Coincidenza ha voluto che anche la distrazione più grande messa in campo dai
mondiali di calcio sia finita. No non ci hanno distratto dai problemi. Non
credo che quel circo mediatico, oggi che la crisi ancora attanaglia la nostra
pelle, possa avere ancora quella funzione. Giorno per giorno, le proteste
brasiliane, i terribili fatti di Gaza e il riaccendersi di vecchi/nuovi rancori
non può averci distratto. Abbiamo capito quanto Srebrenica abbia insegnato
poco e ci abbia responsabilizzato affinché l’impegno e la lotta strenua per i
diritti non possa permettersi neanche un giorno di ferie. Ora il ricordo
rientra, come un cd nella sua custodia, nel cuore di tutti noi: 175
persone hanno un nome e le relative famiglie possono onorarlo con un fiore a
Potočari. Più di mille conservano alcune speranze, molti di più resteranno dei
poveri umani resti. Da oggi, come sempre, ci impegneremo per la giustizia,
contro l’impunità, contro una comunità internazionale che ha già cominciato i
saldi sui procedimenti pendenti in un Tribunale che è in via di chiusura,
lasciando una Bosnia e tutta l’area dei Balcani focolaio di qualsiasi vendetta.

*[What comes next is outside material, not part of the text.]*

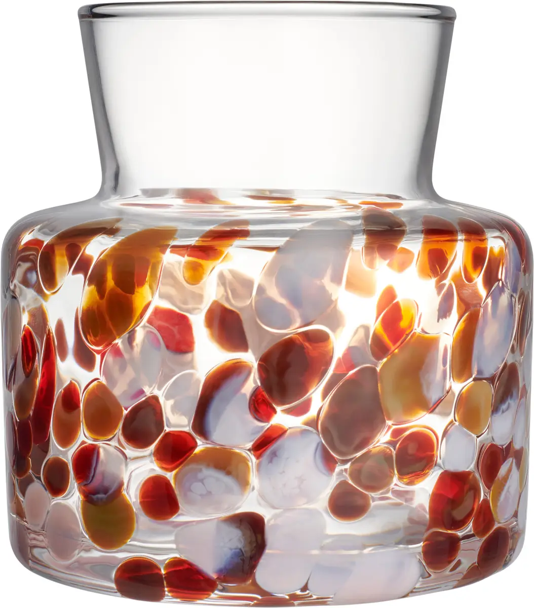 Meadow har en blomsteräng som både inspiration och uttryck. Det är en serie vaser som gör sig lika väl på egen hand som med ett fång blommor. Tack vare den glaskrossteknik som används i tillverkningen är varje vas unik. Den lilla vasen Fall är som gjord för att omfamna en lite mindre bukett, eller på egen hand lysa upp ditt hem med höstens varma färger. Design av Sara Persson.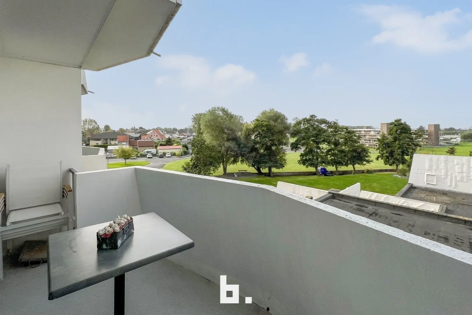 Dit volledig gerenoveerd 2 slaapkamer appartement met ruime terrassen voor- en achteraan bevindt zich op de 3e verdieping en is gelegen in een groene omgeving. Mooie ligging op wandelafstand van de zee en golf te De Haan. De indeling is als volgt: inkom, woonkamer met aanpalend terras met prachtig open zicht, nieuwe open keuken, badkamer (douche, wastafelmeubel, toilet), 2 slaapkamers uitgevend op een terras met mooi open zicht. Er is een gemeenschappelijke privatieve parking voorzien voor de residentie, alsook een zeer ruime privé kelder. TOPPER voor de snelle beslissers!

Oggi non possiamo più ricordare; la nostra memoria deve trasformarsi in
speranza e in lotta per tutti i luoghi del mondo dove è viva l’ingiustizia e la
discriminazione, a cominciare dalle nostre coste, dal rispetto dei diritti
umani fuori dalla porta di casa nostra.
Ma io continuo a vedere quel mare che
mi salva da tanto dolore, è lo stesso di ieri, del 1995, quello stesso mare
Adriatico che mi ha separato dai drammi della Bosnia e di Srebrenica e lui mi
ha fornito un pretesto perfetto: “Erano cose lontane”. Il ricordo si ferma, ma
Srebrenica è parte di me e non cesserà d’esserlo mai… purtroppo.